____ INFORMATION PROVIDED
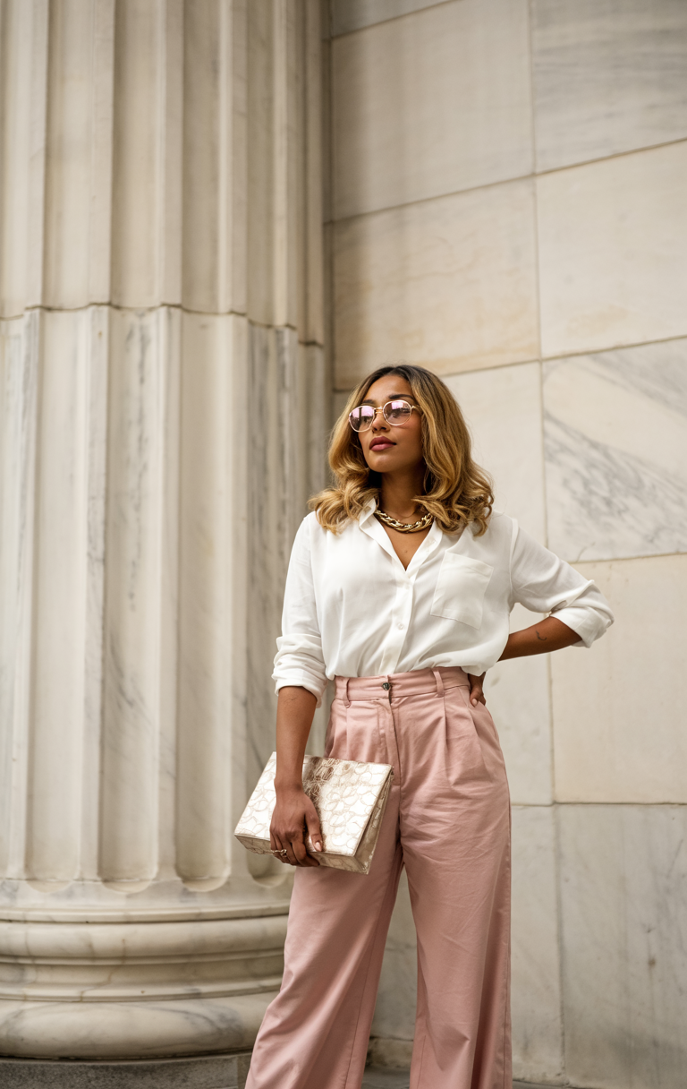 A business casual ensemble combines a light-colored blouse with blush pink wide-legged trousers for an elegant look. The relaxed yet sophisticated silhouette of the loose-fitting fabric is perfect for business needs during office work and work conferences as well as business lunches. People choose this outfit when they need an elegant but informal substitute for a proper suit. A fashionable woman commuting through summer city streets can use this ensemble to great effect.
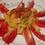 megpucoljuk a burgonyát majd hajszálvékonyra szeleteljük (ezt uborkagyalu segítségével könnyen megoldhatjuk ha nem akarjuk késsel karikázgatni vékonyra), összekeverjük a maradék pörkölttel (a húst előtte apróra vágjuk ha túl nagy darabok vannak benne) és néhány kanál kefírrel, ízlés szerint fűszerekkel ízesíthetjük. Aki szeretné, hogy laktatóbb legyen és jobban összeálljon, keverhet bele 1-2 tojást is. Egy tűzálló tálba borítjuk, lefedve az előmelegített sütőbe toljuk. Mikor már félig megpuhult a burgonya, reszelünk a tetejére egy kis sajtot, és fedő nélkül sütjük tovább, míg szépen megpirul a sajt. Úgy szeleteljük mintha tortát szeletelnénk. Friss paradicsommal vagy savanyúsággal találva nagyon finom.
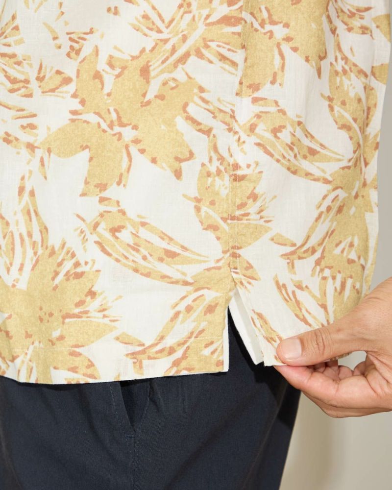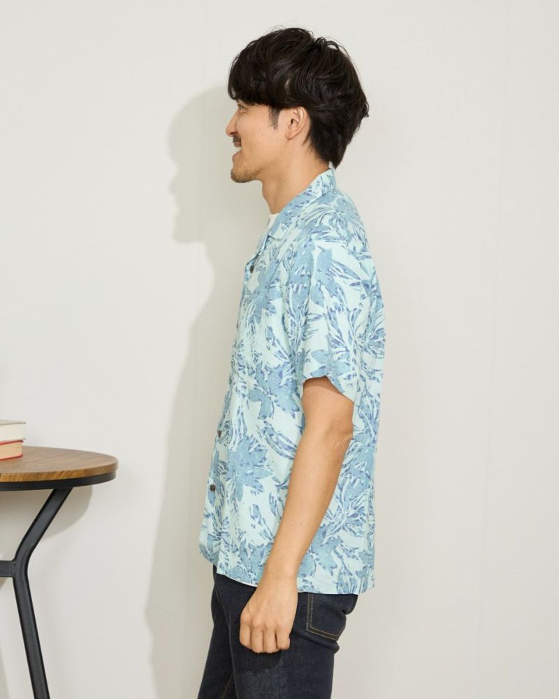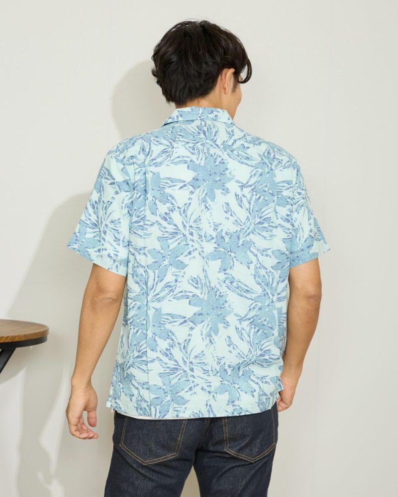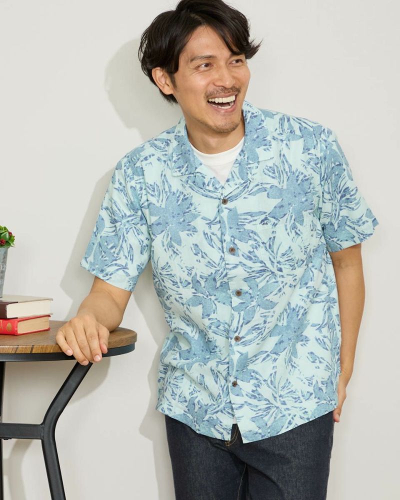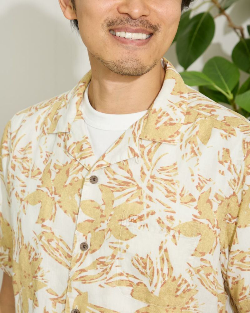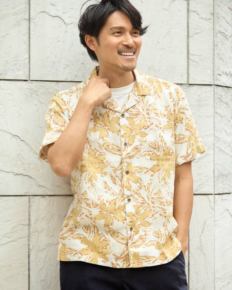 大柄のボタニカルプリントを施したオープンカラーシャツです。涼感のある綿麻混素材を使用しています。色柄をナチュラルな印象に仕上げ、大人のリゾートスタイルを演出してくれます。 モデル身長: 180 cm 着用サイズ: L サイズ Golden Bear Men's シャツ (Men's) 【着用アイテム】314Q3534 GB天竺Tシャツ 314Q5535 ロゴTシャツ 314Q5701 イージーパンツ 314Q4701 イージーアンクルパンツ
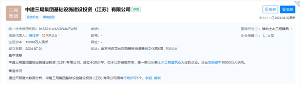 2、注冊(cè)信息:該公司成立于2024年07月31日,注冊(cè)資本為1億元,法定代表人為薄佳寧。中建三局100%直接持股,這表明中建三局對(duì)該公司有完全的控制力。
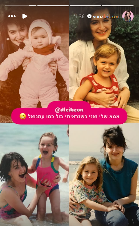 הפעם היא עושה זאת בסוף השבוע כשהיא חוגגת את יום הולדתה של אמא שלה. לייבזון גם כתבה ברכה מרגשת עבורה ופרסמה בסטורי: "מזל טוב לאמא שלי אהובתי". בהמשך גם הציגה מגוון תמונות ילדות שלה ושל אמא שלה, שלדבריה גם מאוד מזכירות במראה את בנה עמנואל.
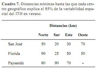 A los efectos de resumir los resultados, se asignó a cada punto cardinal de cada centro geográfico, la distancia mínima de representatividad espacial considerando los cuatro meses del verano en conjunto. La distancia mínima se obtuvo de los mapas, asumiendo que el 85 % de la variabilidad espacial del ITH resultó explicada por la variabilidad del ITH de San José, Florida o Paysandú según correspondiera (isolínea = 0,85). Esta información se presenta en el Cuadro 7.
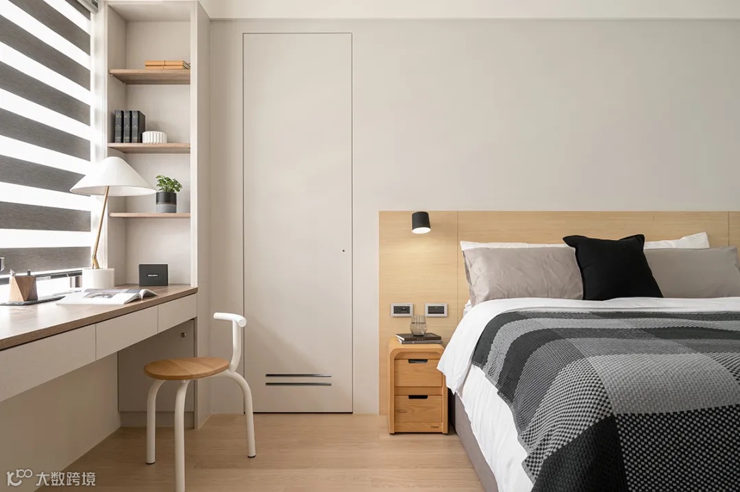 次卧利用板材定制榻榻米床和腰板,通过上掀+抽屉式收纳,提升储物能力。
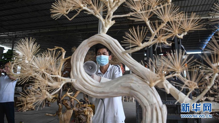 8月7日,工人在制作根雕工藝品。2017年以來,廣西桂林市永??h永安鄉(xiāng)通過幫扶返鄉(xiāng)青年創(chuàng)業(yè)的方式,建立起根雕工藝品就業(yè)扶貧車間,組織貧困群眾進車間務(wù)工學(xué)藝,把當(dāng)?shù)刎S富的朽木和柑橘樹根枝資源利用起來,加工成盆景、茶桌、吊燈等根雕工藝品,不僅幫助貧困群眾在家門口掌握一技之長,還讓他們在脫貧摘帽后實現(xiàn)穩(wěn)定增收。新華社記者張愛林?jǐn)z
________
- **THE TASK**
Your copy should hold the lines from the one with "イージーパンツ 314Q4701 イージーアンクルパンツ" up to and including the one with "הפעם היא עושה", exactly as in the data above, and no pictures.

- **THE COMPLETED TASK**
 大柄のボタニカルプリントを施したオープンカラーシャツです。涼感のある綿麻混素材を使用しています。色柄をナチュラルな印象に仕上げ、大人のリゾートスタイルを演出してくれます。 モデル身長: 180 cm 着用サイズ: L サイズ Golden Bear Men's シャツ (Men's) 【着用アイテム】314Q3534 GB天竺Tシャツ 314Q5535 ロゴTシャツ 314Q5701 イージーパンツ 314Q4701 イージーアンクルパンツ
 2、注冊(cè)信息:該公司成立于2024年07月31日,注冊(cè)資本為1億元,法定代表人為薄佳寧。中建三局100%直接持股,這表明中建三局對(duì)該公司有完全的控制力。
 הפעם היא עושה זאת בסוף השבוע כשהיא חוגגת את יום הולדתה של אמא שלה. לייבזון גם כתבה ברכה מרגשת עבורה ופרסמה בסטורי: "מזל טוב לאמא שלי אהובתי". בהמשך גם הציגה מגוון תמונות ילדות שלה ושל אמא שלה, שלדבריה גם מאוד מזכירות במראה את בנה עמנואל.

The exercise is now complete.